The Office of General Counsel issued the following opinion on April 7, 2003, representing the position of the New York State Insurance Department.

Re: Retention and Disclosure of Automobile Claim Files (Regulation 152 and 169).

Questions Presented:

1. Pursuant to N.Y. Comp. Codes R. and Regs. tit. 11, Part 243 (1996) (Regulation 152), is an insurer required to expunge its automobile claim files six years after the settlement of a claim?

2. Does N.Y. Comp. Codes R. & Regs. tit. 11, Part 420 (2001) (Regulation 169) preclude insurers from sharing automobile claim files with other insurance companies that are more than six years old?

3. May an insurer use automobile claim files that are more than six years old for reinsurance or renewal purposes?

Conclusions:

1. No. N.Y. Comp. Codes R. and Regs. tit. 11, Part 243 (1996) (Regulation 152) does not require an insurer to expunge its automobile claim files six years after the settlement of a claim.
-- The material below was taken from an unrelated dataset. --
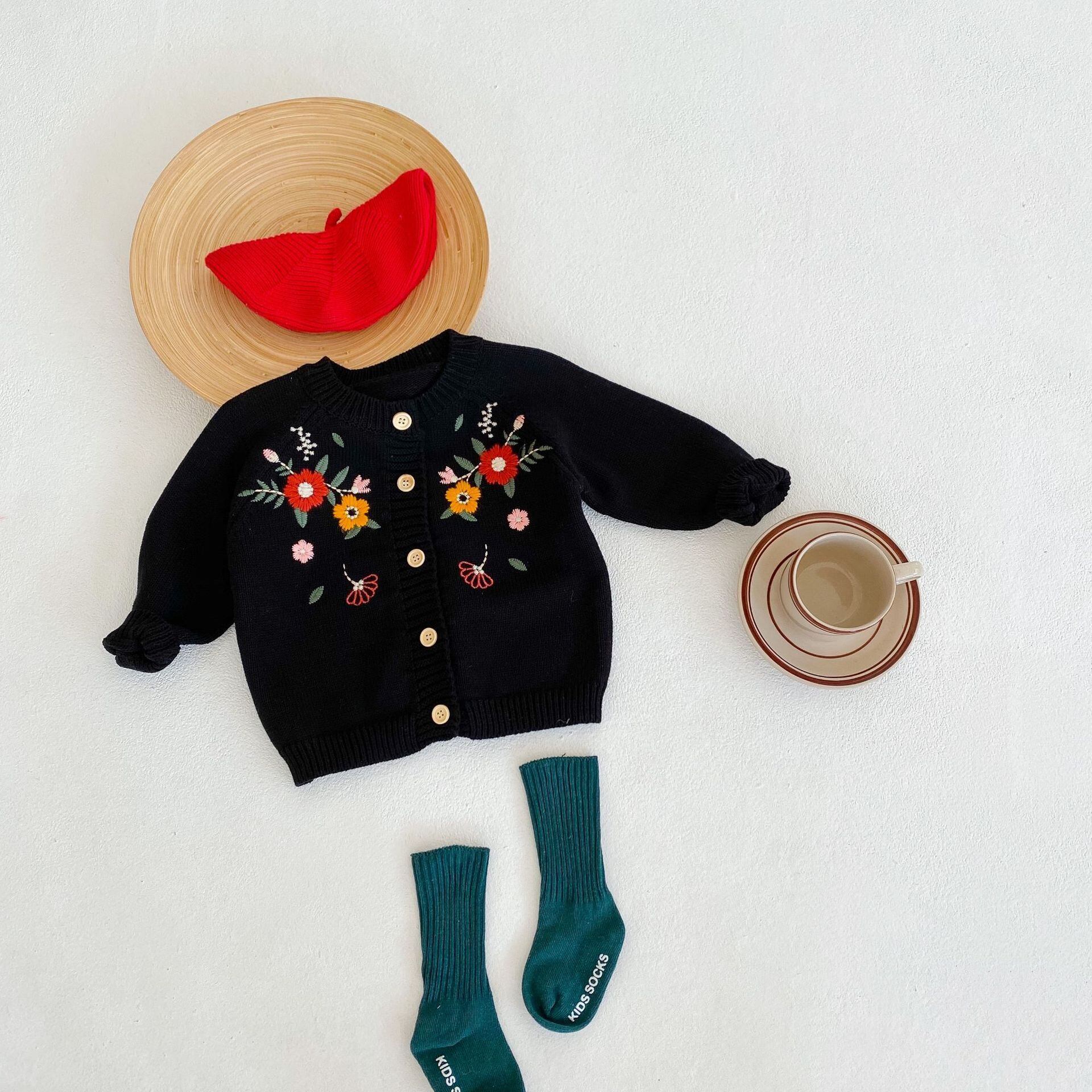 スプリングオータムFlowerデザイン ニットセーター 長袖スリーブ ロング レッド コットン 刺繍 大人ガーリー スウィート キュート カジュアル 春物 秋物 フラワーデザイン 9/24 秋冬 mi0996446849207 | Sagittarius By Constellation -KIDS&BABY-

2. No. N.Y. Comp. Codes R. & Regs. tit. 11, Part 420 (2001) (Regulation 169) does not preclude insurers from sharing automobile claim files that are more than six years old. However, such disclosure must be made in accordance with the requirements of the regulation.

3. The Department can not provide the inquirer with a response without further details and clarification of the inquiry.

Facts:

No specific fact pattern was submitted. The inquirer states that he was an automobile policyholder from 1994 to 2001 and he would like to know whether there is a time limit after which an insurer must expunge automobile claim files. The inquirer further inquired whether an insurer is prohibited from using automobile claim files that are more than six years old for reinsurance or renewal purposes or from sharing such files with other insurance companies.

Analysis:

Question No.1

N.Y. Comp. Codes R. and Regs. tit. 11, Part 243 (1996) (Regulation 152), entitled "Standards of Records Retention by Insurance Companies", establishes the minimum requirements regarding the retention of records by insurance companies. Section 243.2 provides, in pertinent part, as follows:

(a) [E]very insurer shall maintain its claims, rating, underwriting, marketing, complaint, financial, and producer licensing records, and such other records subject to examination by the superintendent, in accordance with the provisions of this Part.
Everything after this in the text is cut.